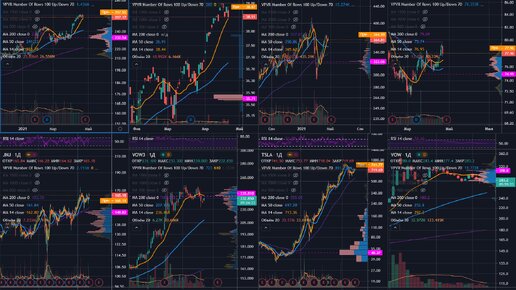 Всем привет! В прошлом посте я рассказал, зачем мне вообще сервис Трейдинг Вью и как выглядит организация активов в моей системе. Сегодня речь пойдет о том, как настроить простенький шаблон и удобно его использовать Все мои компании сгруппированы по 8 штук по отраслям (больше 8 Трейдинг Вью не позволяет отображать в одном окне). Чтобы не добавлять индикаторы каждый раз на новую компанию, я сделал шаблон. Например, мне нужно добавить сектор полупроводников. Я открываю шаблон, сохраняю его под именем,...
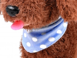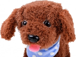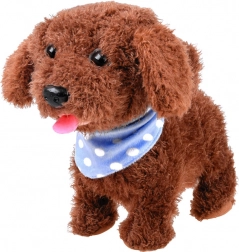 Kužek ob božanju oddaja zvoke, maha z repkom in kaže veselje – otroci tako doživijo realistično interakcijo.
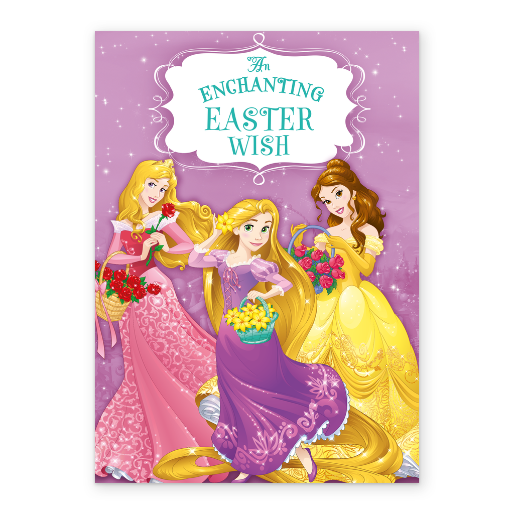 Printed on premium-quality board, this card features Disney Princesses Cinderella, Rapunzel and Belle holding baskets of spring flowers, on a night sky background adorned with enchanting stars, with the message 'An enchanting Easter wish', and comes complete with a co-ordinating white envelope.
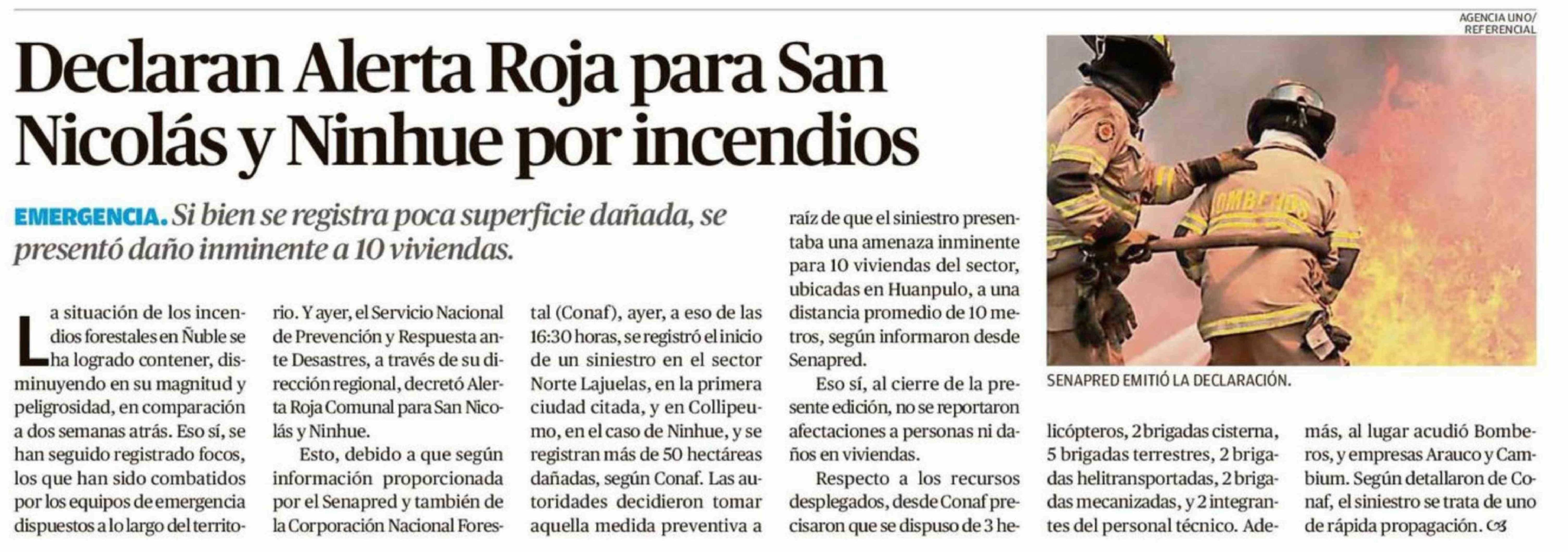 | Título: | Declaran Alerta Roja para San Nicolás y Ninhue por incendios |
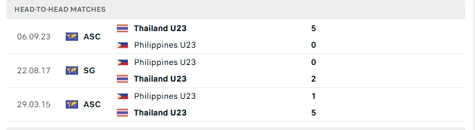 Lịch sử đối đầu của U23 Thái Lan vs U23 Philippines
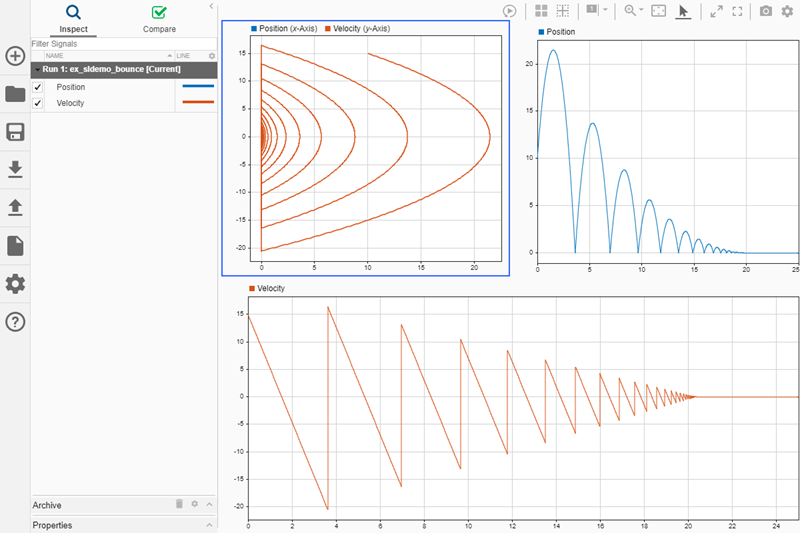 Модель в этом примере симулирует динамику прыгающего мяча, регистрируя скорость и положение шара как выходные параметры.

▶ What you need to do:
A word-for-word copy of the lines from the one with "por incendios |" through the last line of the data above is required, with both end lines included and no pictures.

▶ Solution to the problem:
 | Título: | Declaran Alerta Roja para San Nicolás y Ninhue por incendios |
 Lịch sử đối đầu của U23 Thái Lan vs U23 Philippines
 Модель в этом примере симулирует динамику прыгающего мяча, регистрируя скорость и положение шара как выходные параметры.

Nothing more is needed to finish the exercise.